> Goal of the exercise
From the entries below, return only the lines starting at the one that contains "Looking at the" and ending at the one that contains "If you’d like", exactly as they stand.

*** Input material ***

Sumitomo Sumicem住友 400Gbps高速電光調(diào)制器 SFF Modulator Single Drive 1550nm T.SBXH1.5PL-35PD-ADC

*** End of Input material ***
*** Input material ***

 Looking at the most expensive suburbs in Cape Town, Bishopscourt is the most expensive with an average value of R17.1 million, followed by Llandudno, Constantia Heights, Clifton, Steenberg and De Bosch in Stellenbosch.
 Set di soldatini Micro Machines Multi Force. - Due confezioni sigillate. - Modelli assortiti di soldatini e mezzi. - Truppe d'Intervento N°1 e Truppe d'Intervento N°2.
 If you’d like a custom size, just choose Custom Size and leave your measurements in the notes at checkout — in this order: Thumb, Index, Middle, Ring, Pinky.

*** End of Input material ***
*** Input material ***

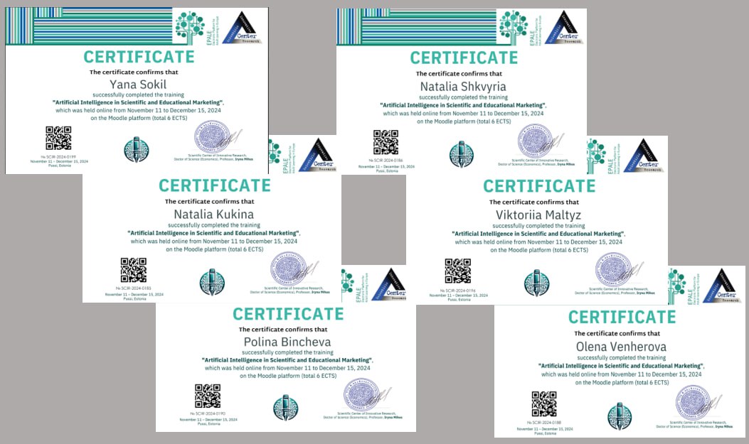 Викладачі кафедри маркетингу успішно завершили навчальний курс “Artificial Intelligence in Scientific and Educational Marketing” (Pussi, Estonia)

*** End of Input material ***

> Solved exercise
 Looking at the most expensive suburbs in Cape Town, Bishopscourt is the most expensive with an average value of R17.1 million, followed by Llandudno, Constantia Heights, Clifton, Steenberg and De Bosch in Stellenbosch.
 Set di soldatini Micro Machines Multi Force. - Due confezioni sigillate. - Modelli assortiti di soldatini e mezzi. - Truppe d'Intervento N°1 e Truppe d'Intervento N°2.
 If you’d like a custom size, just choose Custom Size and leave your measurements in the notes at checkout — in this order: Thumb, Index, Middle, Ring, Pinky.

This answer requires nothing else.